Housing industry experts just can’t agree, is the other shoe about to drop or is the gaping wound finally starting to heal? Economics correspondent, Paul Solman, weighs in with some reasons why he feels the housing crisis is not quite over in a video piece on PBS News Hour.
The story takes place in Florida, a state hit especially hard by the crisis. The numbers are staggering in the state. PBS reports that 600,000 Florida families have lost their home to foreclosure since 2007, and “with one out of four Florida homes hit with a foreclosure notice in recent years, it’s hard to meet anyone in this state who hasn’t been touched by the crisis.”
Solman interviews David, a Florida resident clearing out his mother’s house. Real estate agent Marc Joseph, is seen skulking around in the video, doing what he was hired to do in a tense situation- filling out the paperwork and taking the keys. David explains that his mother suffered an illness that lead to medical bills (pre-Obamacare) they couldn’t afford, which ultimately sank the family.

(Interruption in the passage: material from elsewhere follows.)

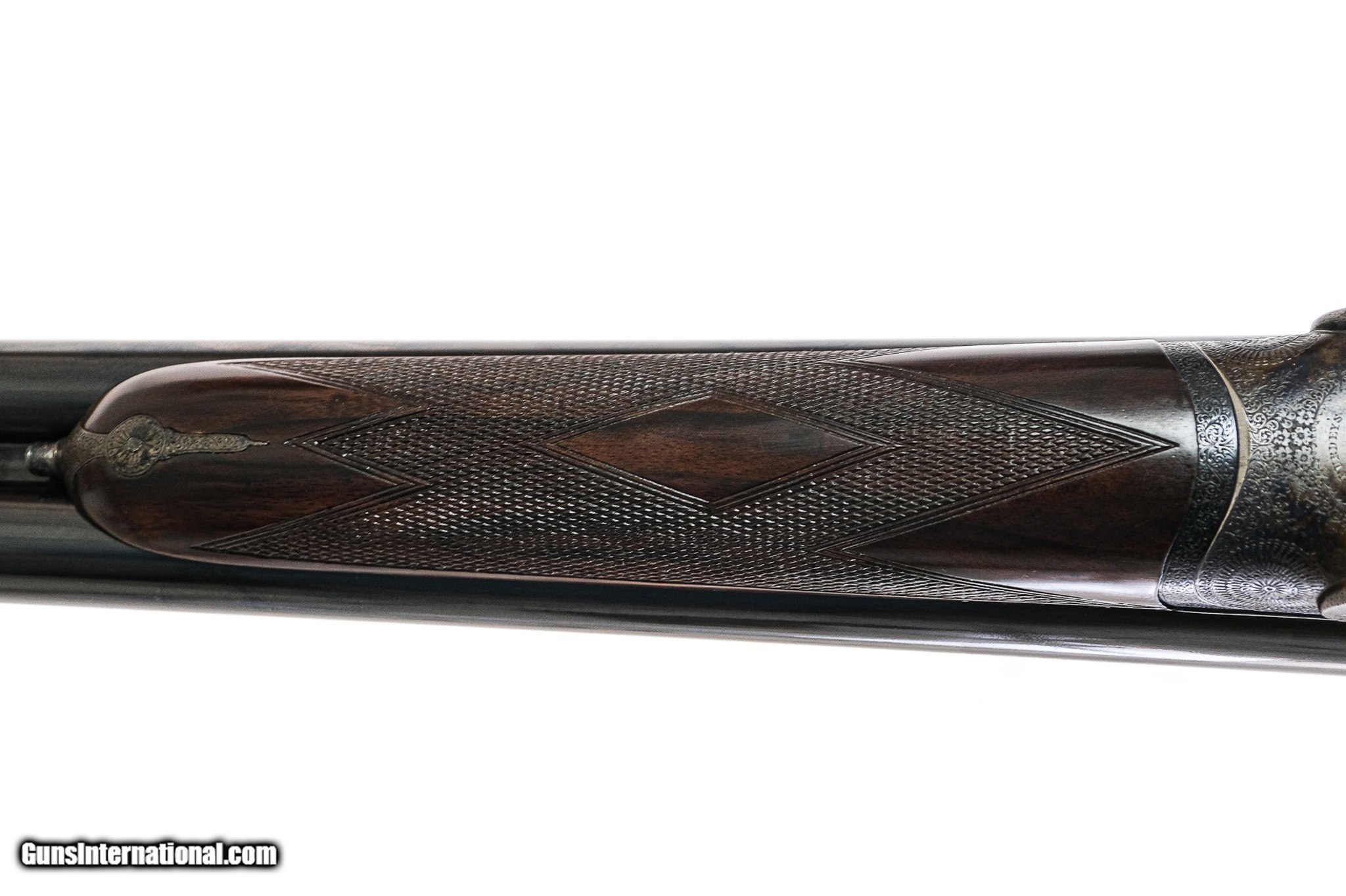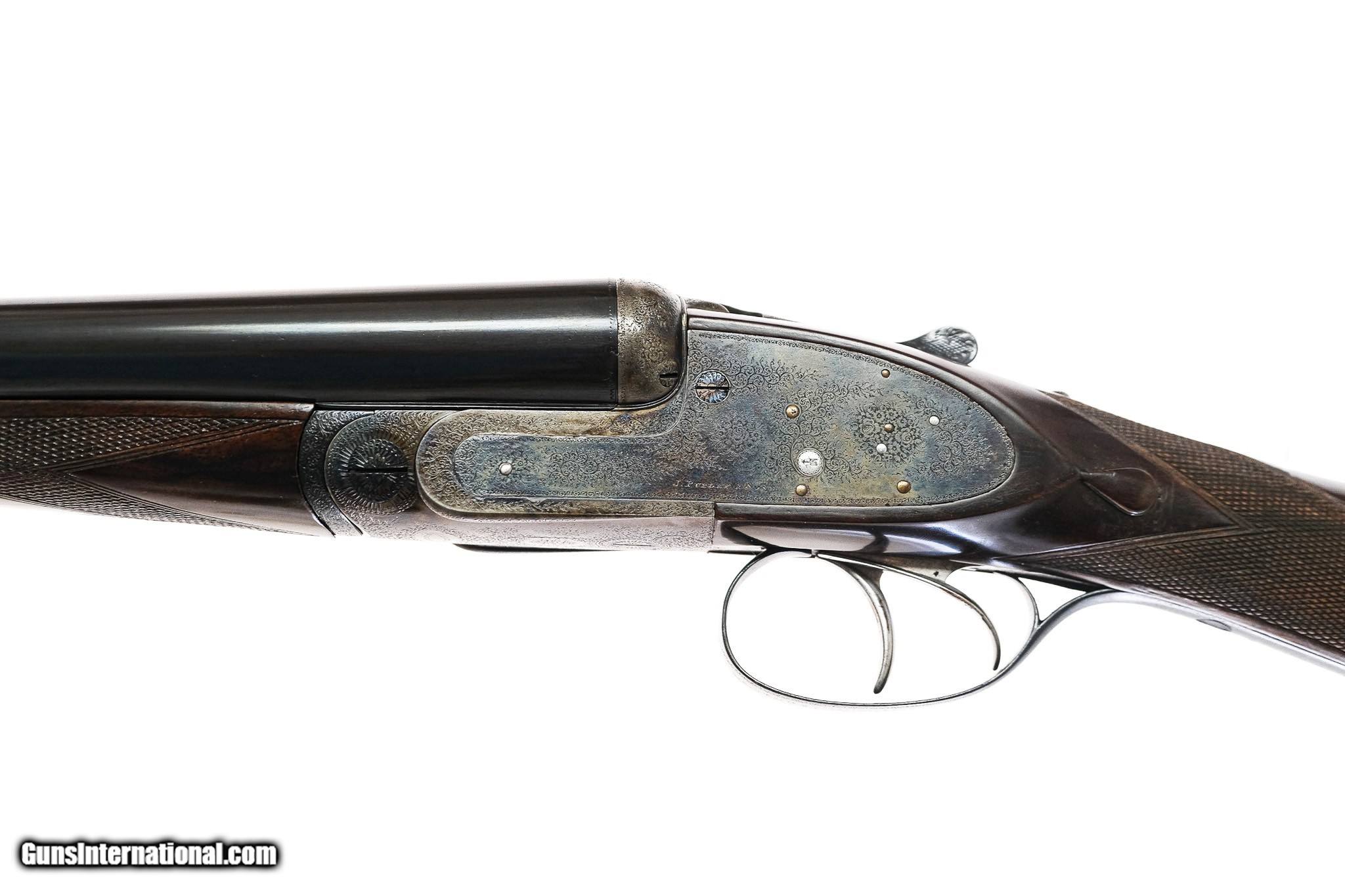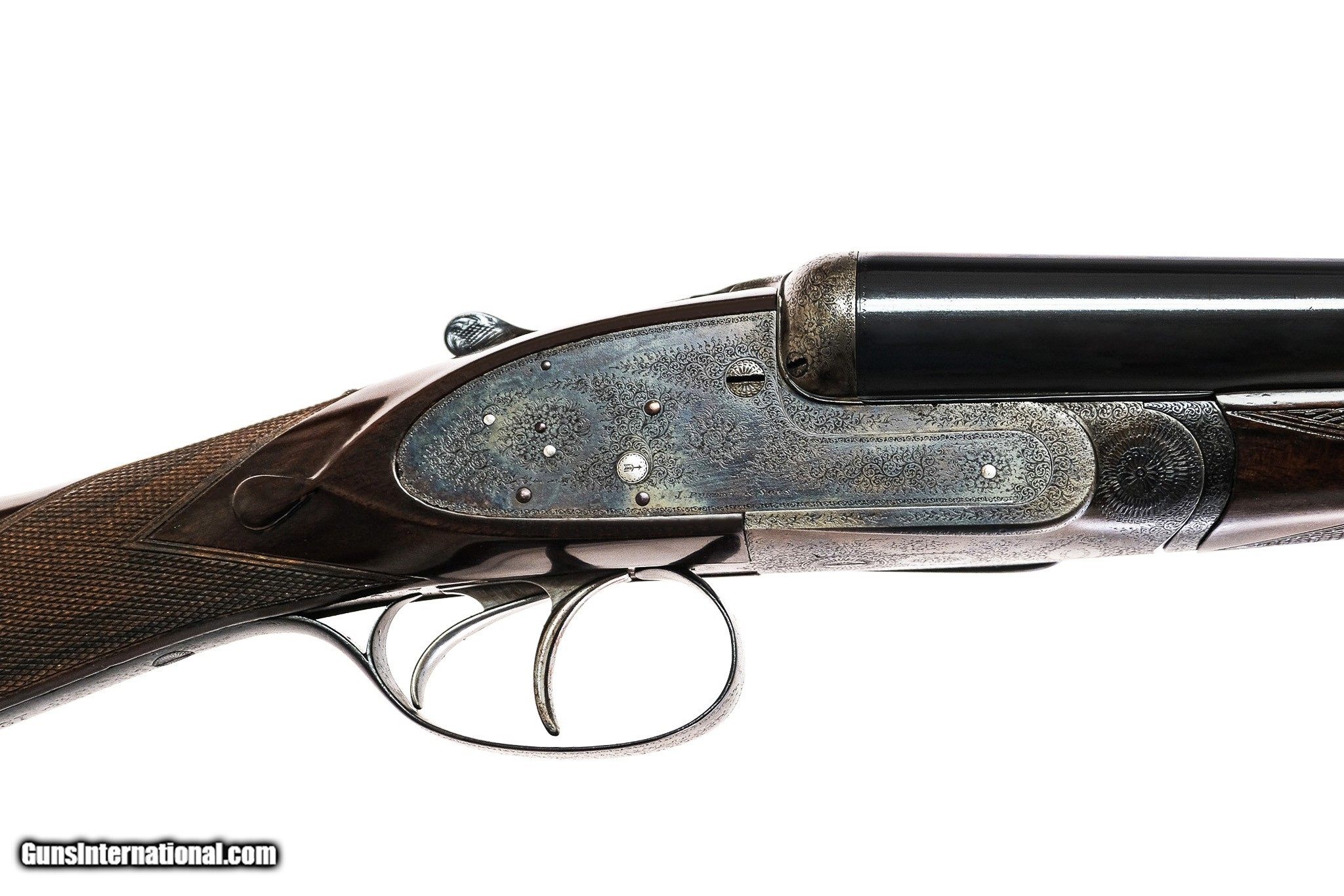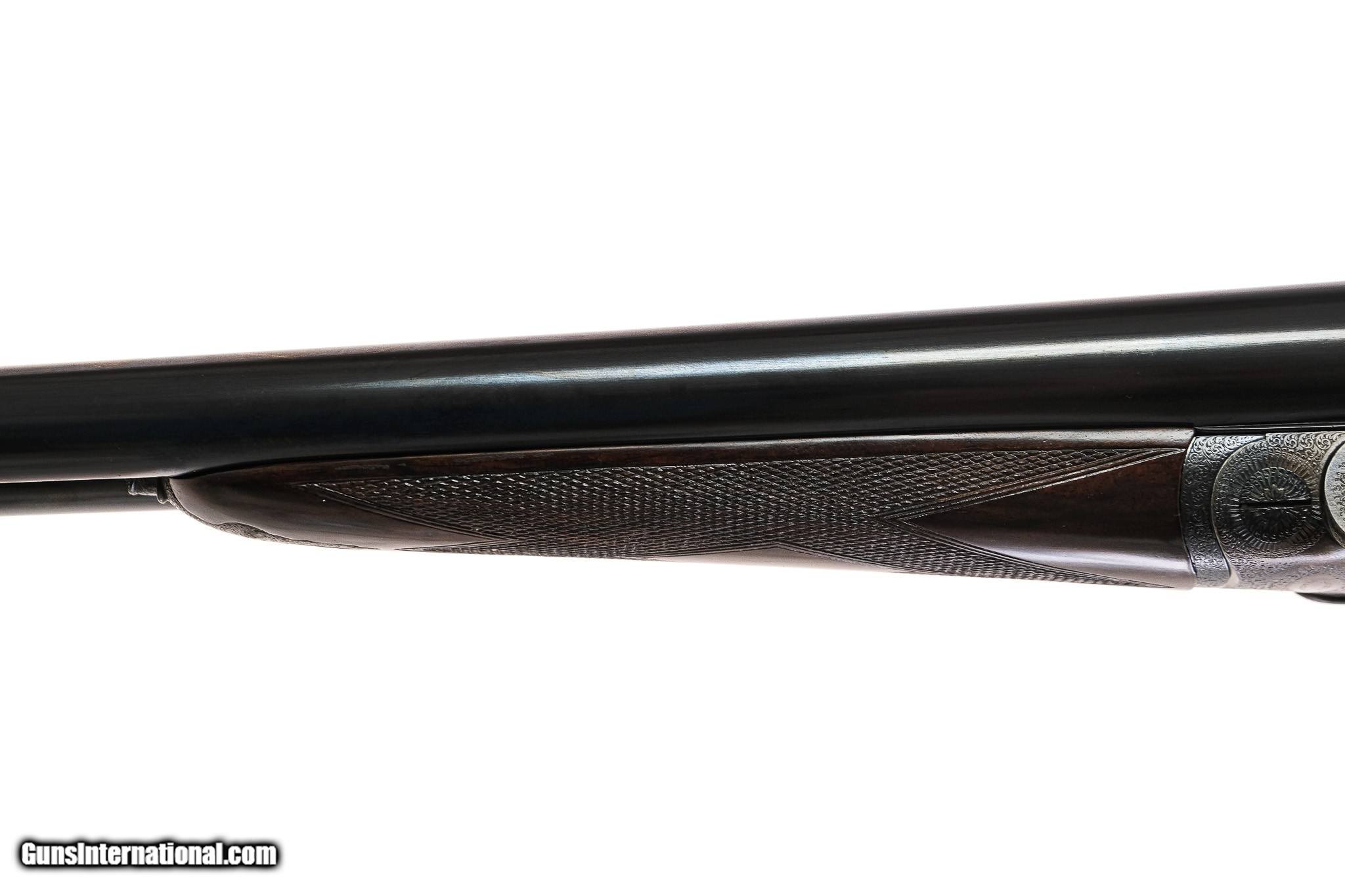Description: James Purdey & Sons - SxS, 12ga. 30" Barrels Choked CYL/IC. English stock, checkered butt, splinter forend, chopper lump barrels, hidden 3rd fasteners, double triggers, Beesley self-openers, extractor, chopper lump barrels, modern Birmingham CIP proofed, professionally London refinished gun, 100% bluing, case coloring, and wood finish, a sensational gun, available for immediate delivery. Inv: 81751 $12,500.00 SOLD |

The looming shadow inventory
They were having trouble paying the mortgage but had an agreement worked out with the financial company that held the loan. Unfortunately for David and his family, their loan was transferred to a lending company called Green Tree. Green Tree wasn’t willing to work things out with the family and immediately began closing in on them.
This is just one of the many foreclosures PBS outlines in their story, and while they provide no hard data, they feel there are more foreclosures to come. Marc Joseph, that real estate agent working with David during his foreclosure, called these looming foreclosures, “shadow inventory.”

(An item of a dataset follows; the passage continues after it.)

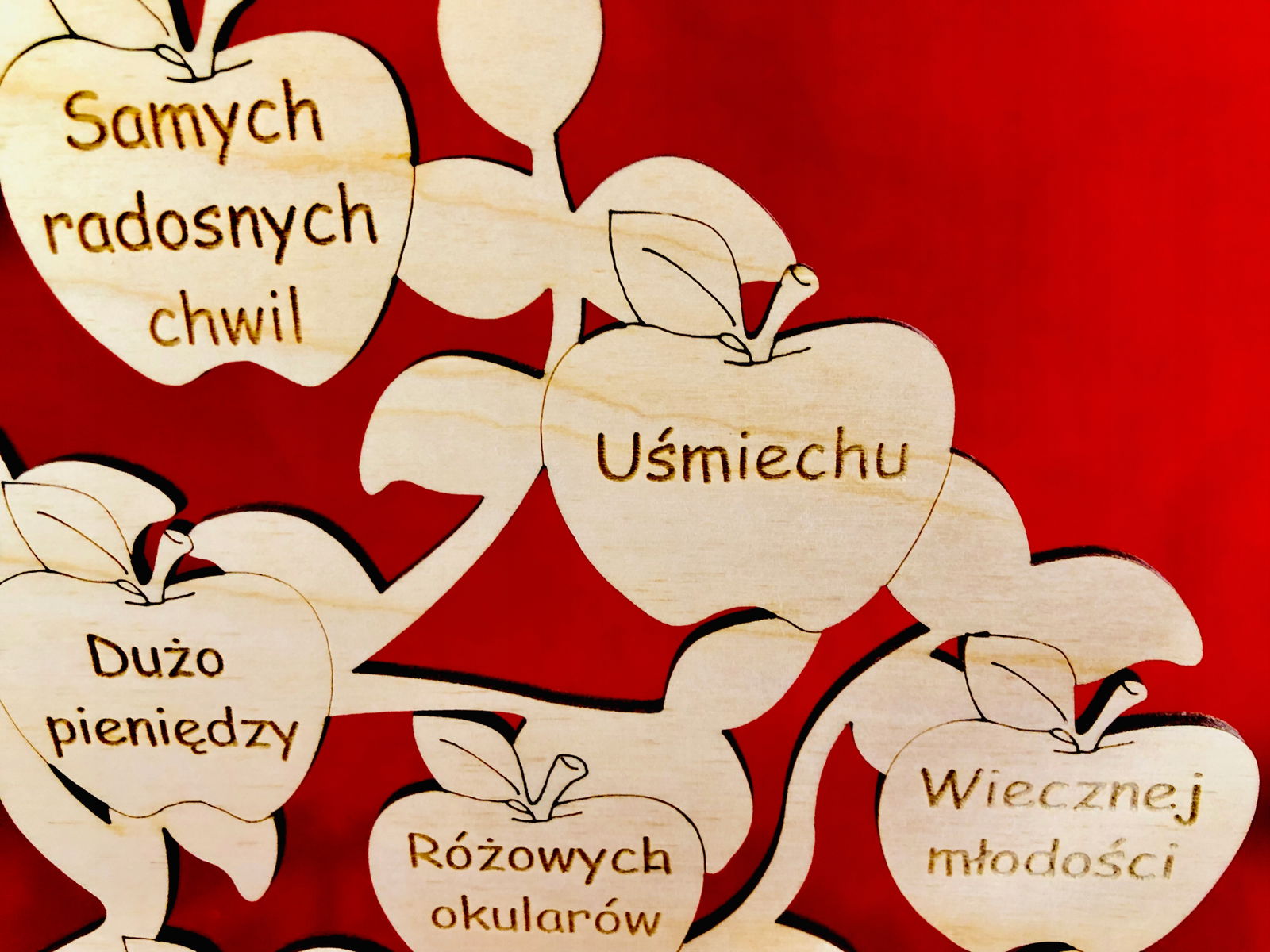 Prezent na urodziny w formie grawerowanego drzewka z życzeniami autorstwa naszej autorskiej pracowni grawerskiej GRAWERNIADDZ.

Shadow inventory refers to homes that have delinquent mortgages or have been foreclosed on but have not been back on the market. Joseph says that the wave of foreclosures on the horizon are those that were lucky enough to get loan modifications during the housing crisis years ago.
Out of the woods?
The PBS News Hour story concludes things by showing David standing aimlessly outside his car with his mother resting in the passenger’s seat. They’re at a truck stop, homeless. A grim reality that many might be facing in the future if realtor Marc Joseph is correct in his assessment.
With no data or analysis of this shadow inventory, it’s easy to question its validity. But in PBS’s human interest piece where you see someone directly affected by foreclosure, you have to at least consider that we’re not quite out of the woods yet.